The LocalExecutors are defined in section local where each executor must be unique name and they are referenced in buildspec using executor field in the following format:

executor: <system>.<type>.<name>

For instance, if a buildspec wants to reference the LocalExecutor bash from the generic cluster, you would specify the following in the buildspec:

executor: generic.local.bash

In our example configuration, we defined a bash executor as follows:

executors:
  # define local executors for running jobs locally
  local:
    bash:
      description: submit jobs on local machine using bash shell
      shell: bash

The local executors requires the shell key which takes the pattern "^(/bin/bash|/bin/sh|/bin/csh|/bin/tcsh|/bin/zsh|sh|bash|csh|tcsh|zsh|python).*". Any buildspec that references this executor will submit job using bash shell.

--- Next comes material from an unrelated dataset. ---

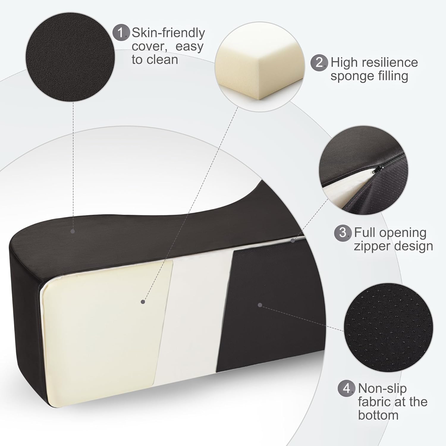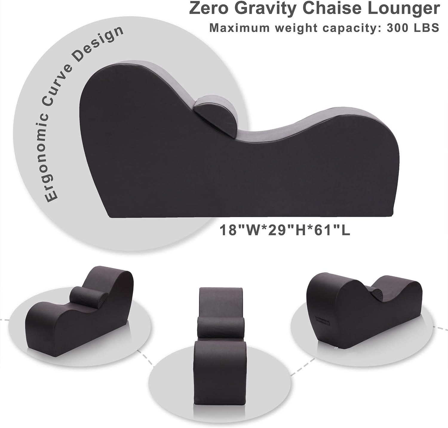 Iroomy Yoga Chaise Lounge Chair for Stretching Relaxation Exercise, Ergonomic S Curved Chaise Lounge, Full High-Density Foam Filled Yoga Chair for Indoor Living Room Bedroom Lounge, Black-Easy Clean

You can pass options to shell which will get passed into each job submission. For instance if you want all bash scripts to run in login shell you can specify bash --login:

executors:
  local:
    login_bash:
      shell: bash --login

Then you can reference this executor as executor: generic.local.login_bash and your tests will be submitted via bash --login /path/to/test.sh.

Once you define your executors, you can query the executors via buildtest config executors command.

Configuring test directory

The default location where tests are written is $BUILDTEST_ROOT/var/tests where $BUILDTEST_ROOT is the root of buildtest repo. You may specify testdir in your configuration to instruct where tests can be written. For instance, if you want to write tests in /tmp you can set the following:

testdir: /tmp

Alternately, one can specify test directory via buildtest build --testdir <path> which has highest precedence and overrides configuration and default value.

Configuring log path

You can configure where buildtest will write logs using logdir property. For example, in example below buildtest will write log files $HOME/Documents/buildtest/var/logs. buildtest will resolve variable expansion to get real path on filesystem.

# location of log directory
logdir: $HOME/Documents/buildtest/var/logs

logdir is not required field in configuration, if it’s not specified then buildtest will write logs based on tempfile library which may vary based on platform (Linux, Mac).

The buildtest logs will start with buildtest_ followed by random identifier with a .log extension.

buildtest will write the same log file in $BUILDTEST_ROOT/buildtest.log which can be used to fetch last build log. This can be convenient if you don’t remember the directory path to log file.

before_script for executors

Often times, you may want to run a set of commands for a group of tests before running a test. We can do this using this using the before_script field which is defined in each executorthat is of string type that expects bash commands.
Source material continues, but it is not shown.